AVAILABLE DATA Block Start
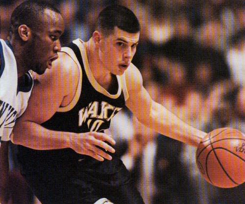 Tony Delk gets Jerry Braswell (#25) to leave his feet while Steven Goolsby (#5) and Tim Duncan (#21) look on
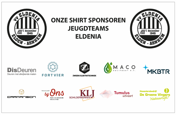 Wij zijn als Eldenia bijzonder dankbaar dat deze bedrijven voor de komende 3 jaar het kledingplan mogelijk maken. Wij hopen dat iedereen, sponsoren en leden erg veel plezier hebben van de kleding
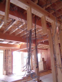 内部の造作も順調に進んでいます。 分電盤廻りは配線が集中します。クラゲみたい??
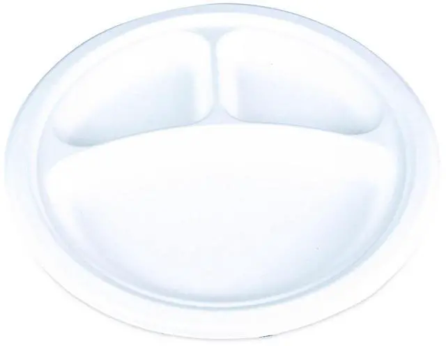 ChampWare Molded Fiber Tableware 3-Compartment Plate 10" dia White 125/Sleeve 4 Sleeves/Carton 18163WPF
AVAILABLE DATA Block End
PROBLEM DETAILS —
Word for word, restate all of the material above except its pictures.

SOLUTION FOR THIS TASK —
 Tony Delk gets Jerry Braswell (#25) to leave his feet while Steven Goolsby (#5) and Tim Duncan (#21) look on
 Wij zijn als Eldenia bijzonder dankbaar dat deze bedrijven voor de komende 3 jaar het kledingplan mogelijk maken. Wij hopen dat iedereen, sponsoren en leden erg veel plezier hebben van de kleding
 内部の造作も順調に進んでいます。 分電盤廻りは配線が集中します。クラゲみたい??
 ChampWare Molded Fiber Tableware 3-Compartment Plate 10" dia White 125/Sleeve 4 Sleeves/Carton 18163WPF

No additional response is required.